- **SUPPLIED RECORDS**:
┄┄┄┄┄┄┄┄┄┄

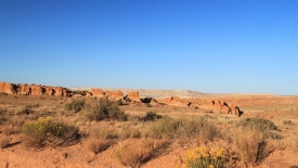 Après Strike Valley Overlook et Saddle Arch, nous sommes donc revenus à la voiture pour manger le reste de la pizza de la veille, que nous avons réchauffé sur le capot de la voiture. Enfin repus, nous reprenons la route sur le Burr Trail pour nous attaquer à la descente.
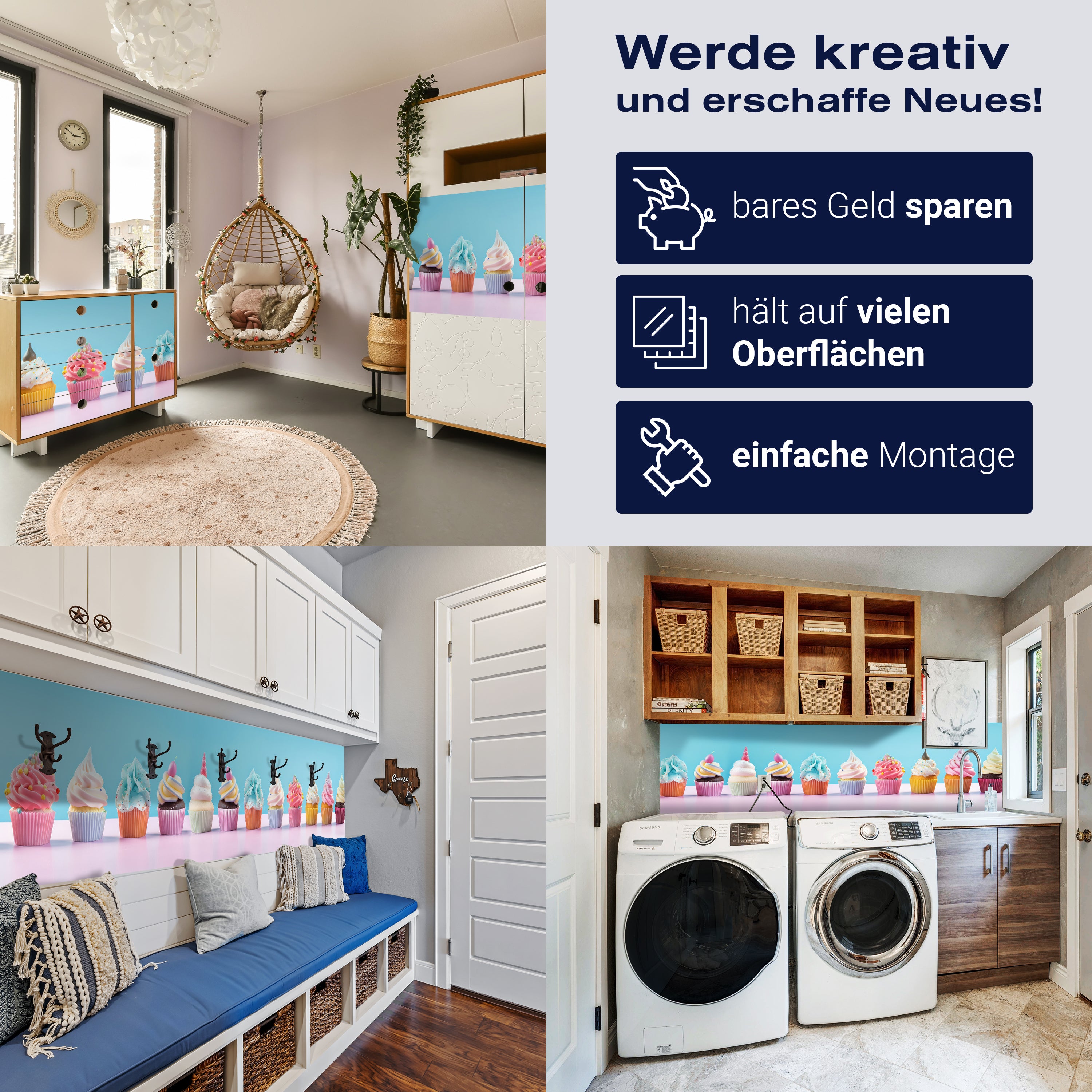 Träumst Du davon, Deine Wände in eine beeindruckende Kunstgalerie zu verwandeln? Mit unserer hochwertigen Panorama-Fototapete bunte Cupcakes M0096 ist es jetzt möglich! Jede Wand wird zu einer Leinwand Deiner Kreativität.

┄┄┄┄┄┄┄┄┄┄

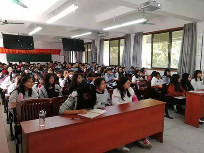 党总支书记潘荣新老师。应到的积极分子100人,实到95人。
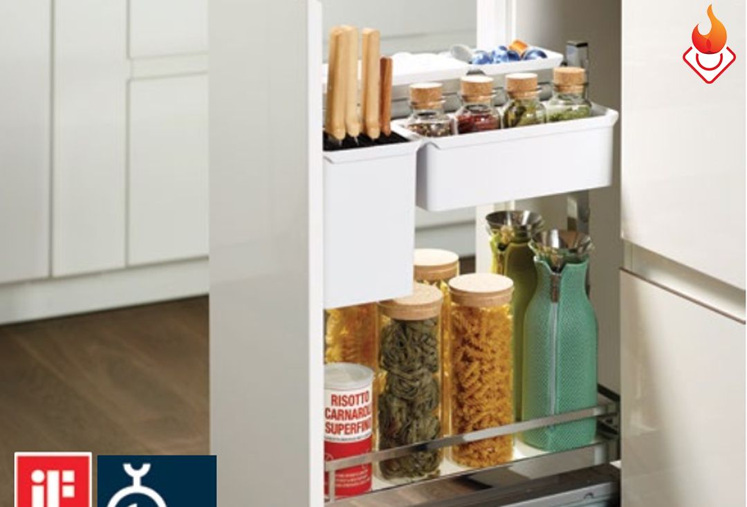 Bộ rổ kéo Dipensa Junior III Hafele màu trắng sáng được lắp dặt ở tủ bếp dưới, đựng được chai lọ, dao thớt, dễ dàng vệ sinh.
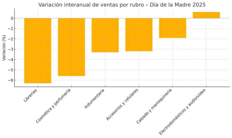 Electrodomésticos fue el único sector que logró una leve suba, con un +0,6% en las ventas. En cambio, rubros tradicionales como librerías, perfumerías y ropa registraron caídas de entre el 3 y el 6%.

┄┄┄┄┄┄┄┄┄┄

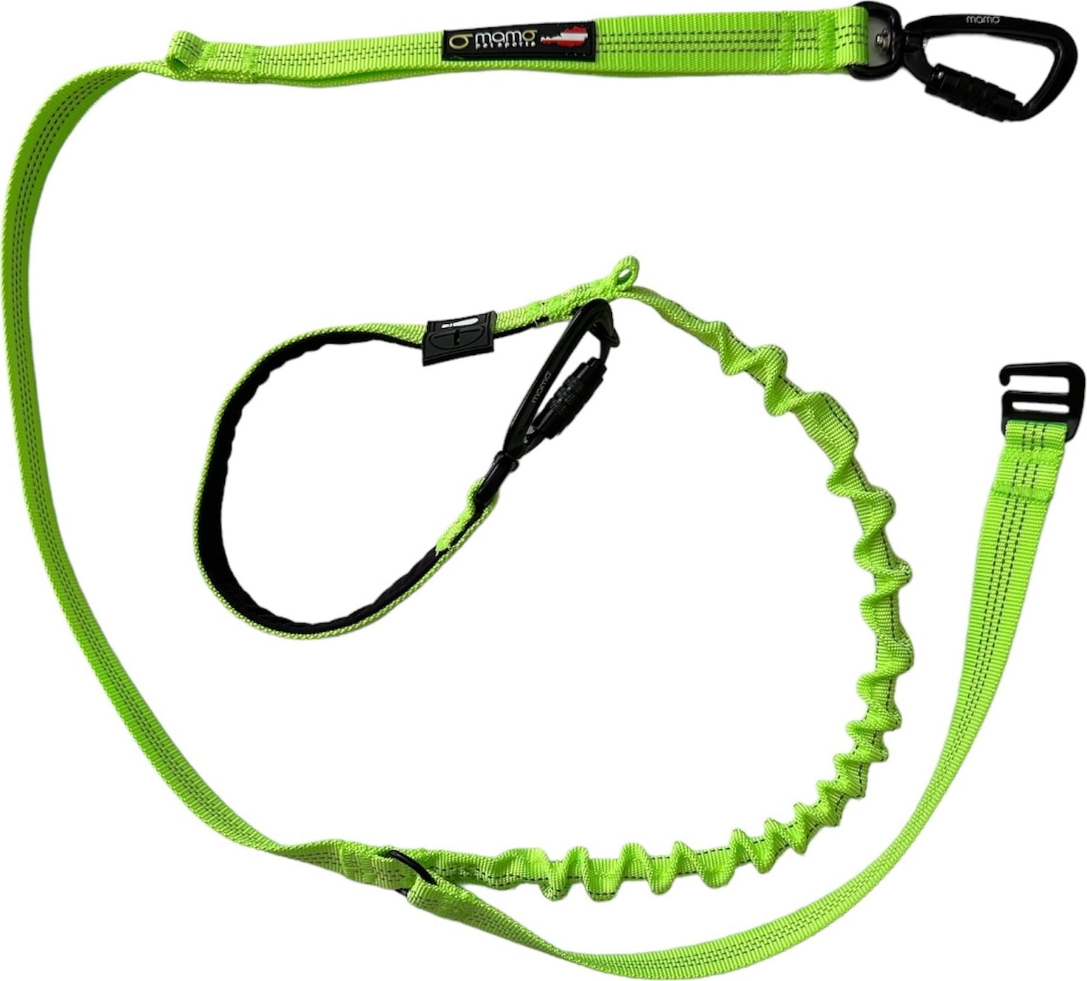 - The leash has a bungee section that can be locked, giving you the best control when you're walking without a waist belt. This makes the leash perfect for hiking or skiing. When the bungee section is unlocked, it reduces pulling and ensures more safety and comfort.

┄┄┄┄┄┄┄┄┄┄

- **DIRECTIONS FOR THIS TASK**:
Would you please reproduce the entries above, starting at the line with "党总支书记潘荣新老师。应到的积极分子100人,实到95人。" and stopping after the line with "Bộ rổ kéo Dipensa"? Omit any pictures.

- **RESULT OF THE TASK**:
 党总支书记潘荣新老师。应到的积极分子100人,实到95人。
 Bộ rổ kéo Dipensa Junior III Hafele màu trắng sáng được lắp dặt ở tủ bếp dưới, đựng được chai lọ, dao thớt, dễ dàng vệ sinh.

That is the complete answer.